Ainda na linha do que o Homem do Tambor escreveu, convém pensar um pouco sobre a questão dos incêndios. Depois de tudo ter voltado a arder, todos atiram as culpas uns aos outros. Ora, se formos a ver, a culpa é de todos e divide-se em 3 níveis.
1. O Governo. Já o ano passado, quando pensámos não haveria fogos mais trágicos que os que se sucederam pelo país fora, pensou-se que o governo dos caceteiros de direita ainda fizessem que, pelo menos legalmente, a prevenção e o combate corressem melhor. Chegamos ao início do verão, e os diplomas ainda não estavam aprovados, deixando-nos mais um verão à mercê do fogo. Será que com o dinheiro dos já míticos submarinos, não poderíamos comprar 3 aviões Canadair? Ou será que os submarinos vão esguichar água para os montes em chamas? Porquê recusar a ajuda estrangeira, mesmo que ela representa um custo adicional? É melhor deixar arder a mata? E já agora, pode parecer sacrilégio para alguns, mas não querendo ainda assim generalizar, há muitos bombeiros que não deram o seu melhor no combate aos fogos, havendo muitos a deixar arder (e a TV mostrou-o). A fama de que os bombeiros são uns "relaxados" precede-os...
2. As Câmaras Municipais. Muito pedem ao Governo, mas em tarefas que podem aproveitar o seu pessoal operário sem grande prejuízo para a casa, e requerendo só um ou dois veículos automóveis, simplesmente não fazem. Porque é que, nem que fosse só em terrenos pertença do município, não se limpa o mato, as bermas e afins? É natural que alguns autarcas pareçam algo hipócritas quando confrontados com os holofotes da TV nos momentos de tragédia...

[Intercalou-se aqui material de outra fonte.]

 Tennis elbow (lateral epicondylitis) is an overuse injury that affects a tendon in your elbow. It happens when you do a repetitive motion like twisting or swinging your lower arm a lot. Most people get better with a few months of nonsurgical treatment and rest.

3. O resto da malta. E chegamos até nós, o terceiro estado. Tal como no dealbar da Revolução Francesa, o terceiro estado dividia-se em dois grupos: burguesia e povo. Assim, poderemos dividir a culpa (com as devidas percentagens, claro). A burguesia silvicultora muito barafusta pelo tragédia que a assolou, mas nunca ouvi de um grande silvicultor que fosse que dissesse que andava a apostar na limpeza dos seus terrenos (vi antes clubes de praticantes de TT a limpar as estradas por onde passam...), sendo que muitos neles não é por falta de dinheiro, já que têm o seu jipito e barquito da praxe... Junte-se a isto as indústrias da pasta de papel (cujo advogado é agora ministro do ambiente...) que aproveitam os fogos para comprar madeira com um preço mais baixo (será que alguma intencionalidade nisto tudo?). Depois, viemos nós, o povo, que pura e simplesmente, deveríamos estar imbuídos do velho espírito de Abril, que ao menos assim uníamo-nos e partiríamos nós para limpeza desses matos (e porque não okupar alguns terrenos de silvicultores que só ando nisso por mero e vil dinheiro?)